ControlNet / LAV-DF

[CVIU] Glitch in the Matrix: A Large Scale Benchmark for Content Driven Audio-Visual Forgery Detection and Localization
https://www.sciencedirect.com/science/article/pii/S1077314223001984
Other
67 stars 8 forks source link

How to train the MLP classifier on DFDC? #3

Closed liushenme closed 3 months ago

liushenme commented 1 year ago

Hi,

In your paper, you said that you trained a MLP classifier using the confidences of predicted segments for deepfake classification on DFDC. I wonder if the MLP classifier is trained separately with confidences, or trained as a backend with the whole audio-visual model?

Liu

ControlNet commented 1 year ago

For the classification task, we trained BA-TFD as a temporal localization task, which means we regard the fake video in DFDC as a single fake segmenet label with timestamp [0, video_length]. Then, from the boundary map (size 512, 40) generated by BATFD, we used 2 ways to get binary label.

  1. Thresholding by the maximum value.
  2. Trained another 3-layer MLP to map from the boundary map to binary label.

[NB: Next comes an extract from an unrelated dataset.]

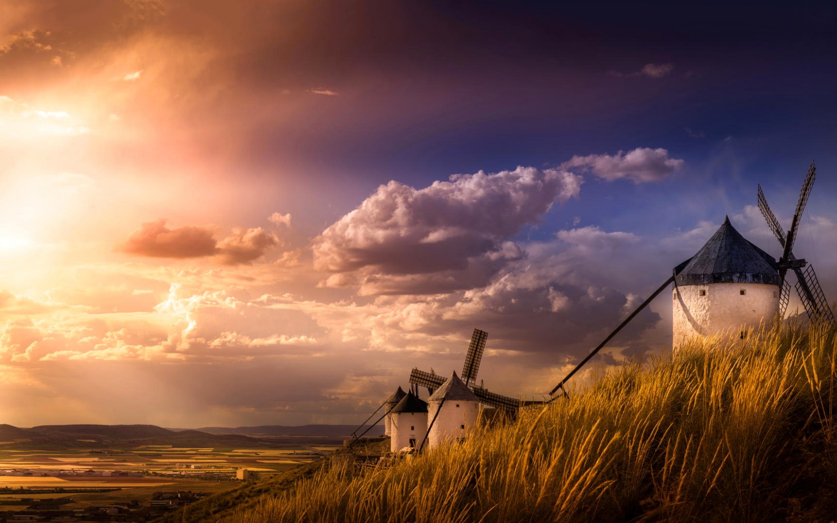 Description: A windmill on a hill with a sunset in the background and clouds in the sky above it.
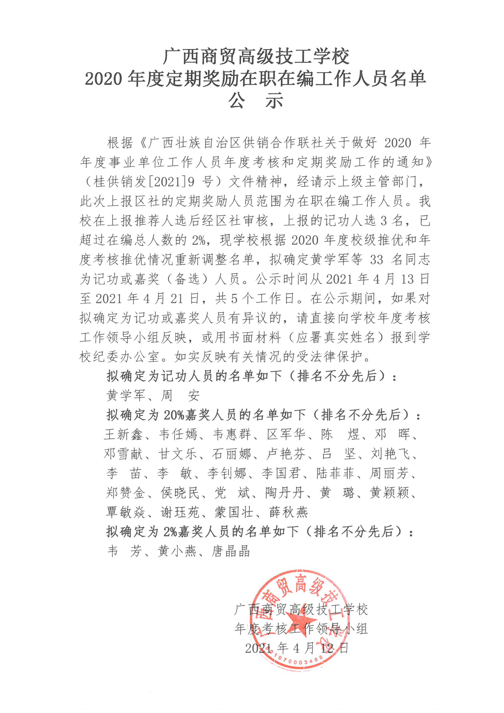 广西商贸高级技工学校2020年度在职在编人员记功嘉奖名单公示

So it's trained seperately to map the label space.

liushenme commented 1 year ago

I see. Thanks for your reply.

mowen9 commented 8 months ago

For the classification task, we trained BA-TFD as a temporal localization task, which means we regard the fake video in DFDC as a single fake segmenet label with timestamp [0, video_length]. Then, from the boundary map (size 512, 40) generated by BATFD, we used 2 ways to get binary label.

  1. Thresholding by the maximum value.
  2. Trained another 3-layer MLP to map from the boundary map to binary label.

So it's trained seperately to map the label space.

I am so sorry and I do not understand the above two operations. The size of the boundary map generated by BATFD is (batch_size, 40, 512). I know that the number of frames is 40 and the temporal dimension is 512.

I understand that I can obtain the binary label (batch_size, 1) via thresholding by the maximum value when the size of the boundary map is (batch_size, 40). However, how can I get the binary label when the size is (batch_size, 40, 512)?

Could you help me solve this question? Thanks!

mowen9 commented 8 months ago

I see. Thanks for your reply.

How did you solve this question?

I understand that I can obtain the binary label (batch_size, 1) via thresholding by the maximum value when the size of the boundary map is (batch_size, 40). However, how can I get the binary label when the size is (batch_size, 40, 512)?

ControlNet commented 8 months ago

I understand that I can obtain the binary label (batch_size, 1) via thresholding by the maximum value when the size of the boundary map is (batch_size, 40). However, how can I get the binary label when the size is (batch_size, 40, 512)?

There are 2 ways we achieve for this. One is just simply applying maximum to (40, 512) to get the video-level prediction.

The second way is to use the 3-layer MLP. Firstly, for the train and validation set, inference the (40, 512) boundary maps, then use this boundary maps as the input, use the video label as the output to train a MLP based on this. Then, for the test set, use the MLP to infer the video-level predictions. Actually, you can consider the boundary maps as the "features", then you need to train a classifier head.